╭──

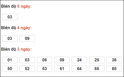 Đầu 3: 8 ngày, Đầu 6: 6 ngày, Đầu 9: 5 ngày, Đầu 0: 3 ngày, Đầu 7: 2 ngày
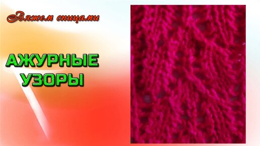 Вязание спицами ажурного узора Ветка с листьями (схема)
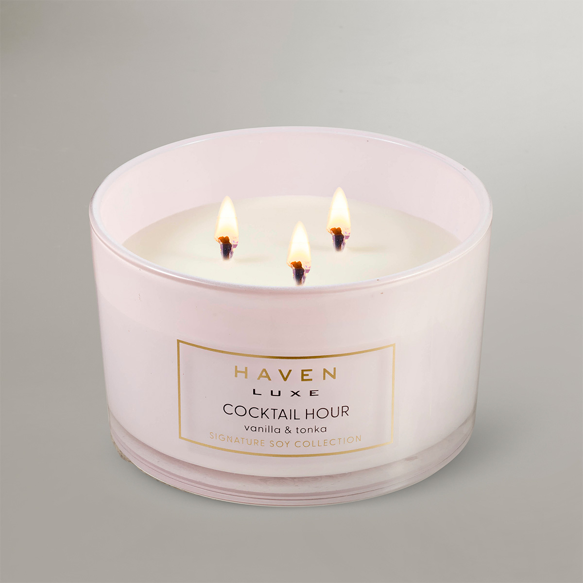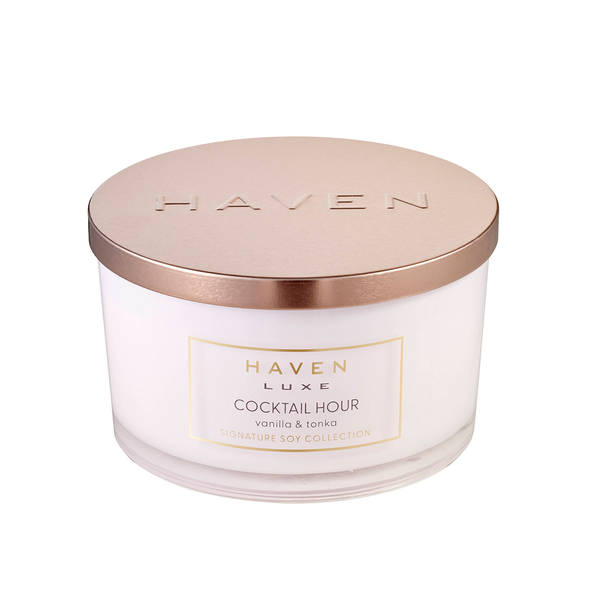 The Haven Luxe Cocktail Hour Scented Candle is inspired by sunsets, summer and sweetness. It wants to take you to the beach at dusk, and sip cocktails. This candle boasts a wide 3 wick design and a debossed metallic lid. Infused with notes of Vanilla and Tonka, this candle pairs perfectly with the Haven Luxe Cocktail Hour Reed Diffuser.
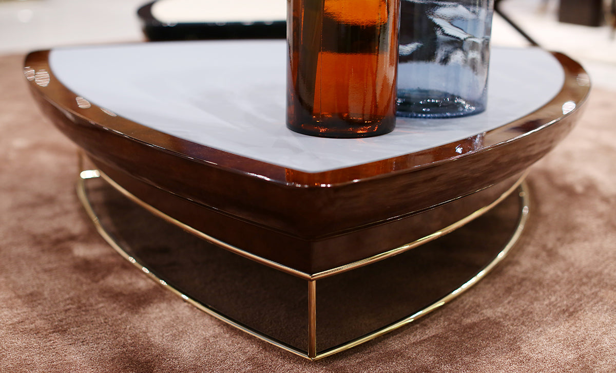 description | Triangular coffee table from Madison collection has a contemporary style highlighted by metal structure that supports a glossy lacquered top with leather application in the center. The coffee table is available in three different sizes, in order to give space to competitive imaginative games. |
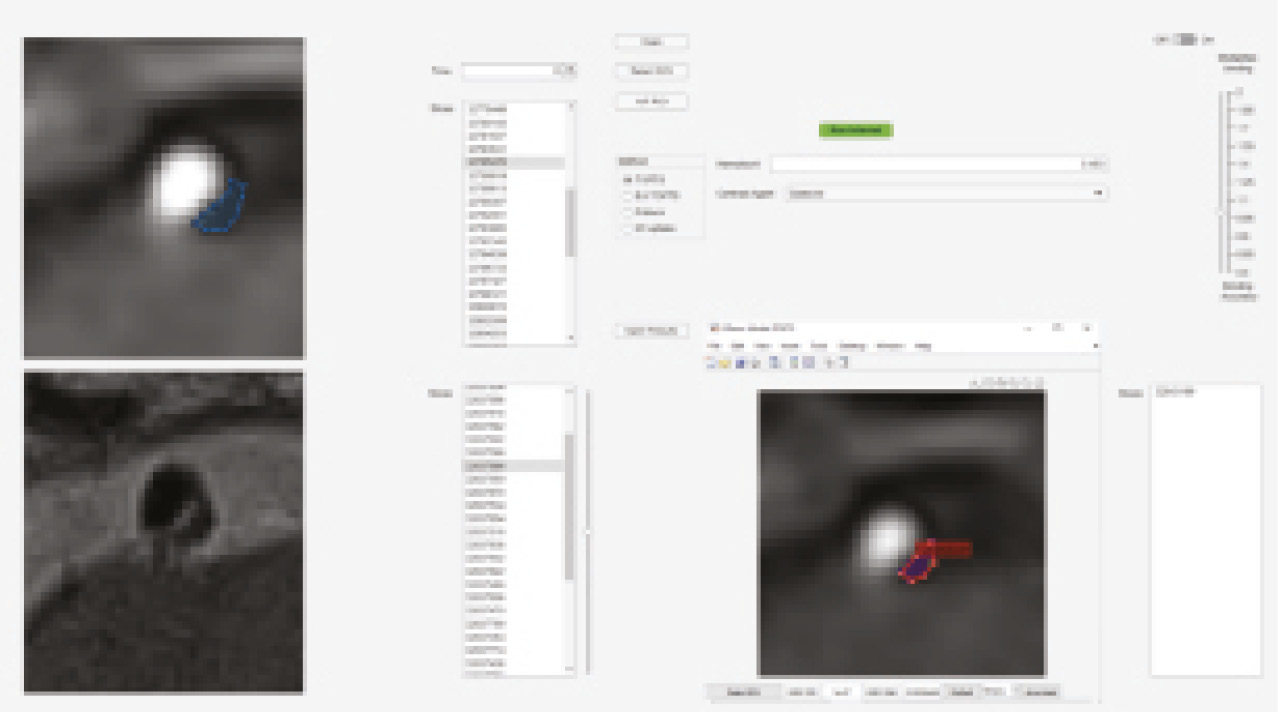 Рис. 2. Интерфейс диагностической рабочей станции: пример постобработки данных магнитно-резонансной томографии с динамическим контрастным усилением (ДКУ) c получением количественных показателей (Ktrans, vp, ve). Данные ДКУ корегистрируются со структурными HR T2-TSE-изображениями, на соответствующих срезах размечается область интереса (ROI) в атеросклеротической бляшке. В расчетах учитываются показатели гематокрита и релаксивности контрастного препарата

╰──
╭──

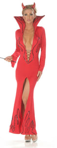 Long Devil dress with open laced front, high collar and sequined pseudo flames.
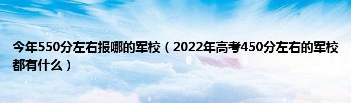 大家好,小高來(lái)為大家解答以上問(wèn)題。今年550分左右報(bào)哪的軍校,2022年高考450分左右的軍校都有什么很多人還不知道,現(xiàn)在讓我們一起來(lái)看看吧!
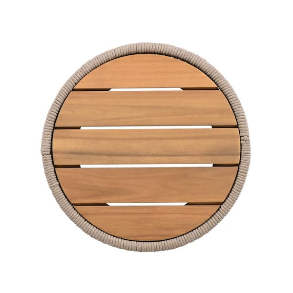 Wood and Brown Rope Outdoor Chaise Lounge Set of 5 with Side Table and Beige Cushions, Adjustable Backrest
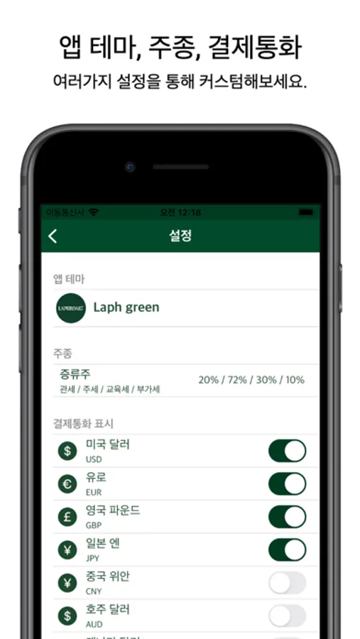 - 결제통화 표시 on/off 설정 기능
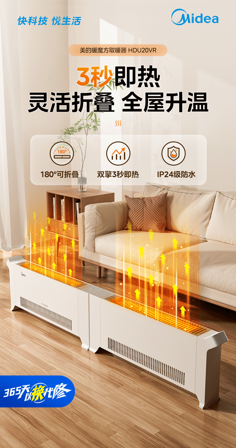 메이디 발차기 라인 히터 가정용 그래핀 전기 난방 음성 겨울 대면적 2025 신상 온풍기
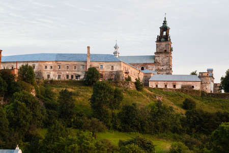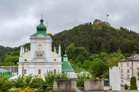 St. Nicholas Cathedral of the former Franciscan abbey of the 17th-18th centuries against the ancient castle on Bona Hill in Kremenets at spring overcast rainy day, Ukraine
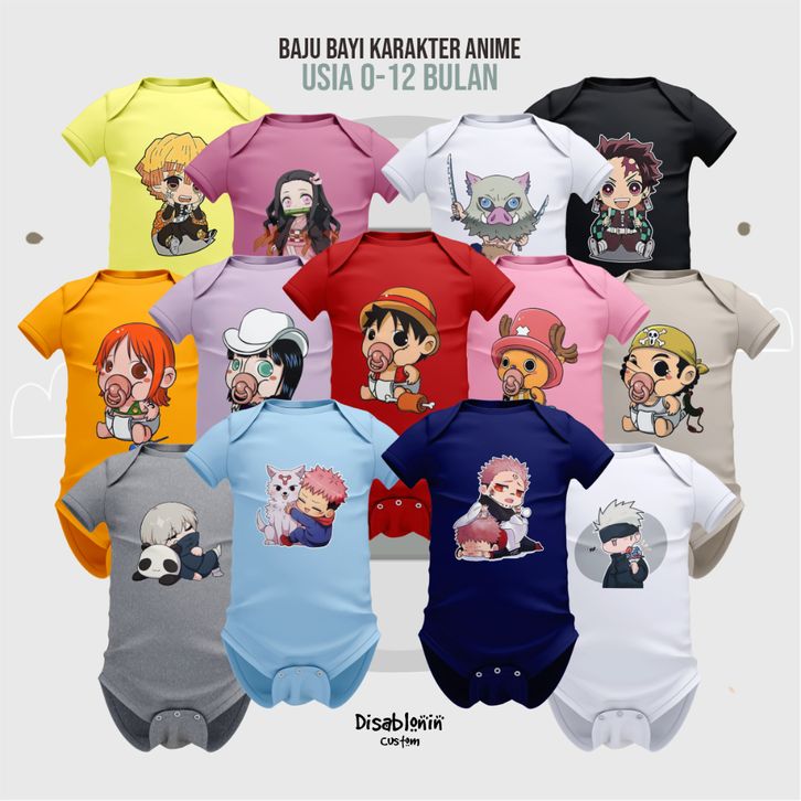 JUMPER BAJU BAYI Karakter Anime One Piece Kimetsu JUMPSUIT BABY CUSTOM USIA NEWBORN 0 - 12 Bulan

╰──

→ **Action item**: Return only the stretch above from the line containing "description | Triangular" through the line containing "Рис. 2. Интерфейс", word for word and without pictures.

→ **Solution below**:
 description | Triangular coffee table from Madison collection has a contemporary style highlighted by metal structure that supports a glossy lacquered top with leather application in the center. The coffee table is available in three different sizes, in order to give space to competitive imaginative games. |
 Рис. 2. Интерфейс диагностической рабочей станции: пример постобработки данных магнитно-резонансной томографии с динамическим контрастным усилением (ДКУ) c получением количественных показателей (Ktrans, vp, ve). Данные ДКУ корегистрируются со структурными HR T2-TSE-изображениями, на соответствующих срезах размечается область интереса (ROI) в атеросклеротической бляшке. В расчетах учитываются показатели гематокрита и релаксивности контрастного препарата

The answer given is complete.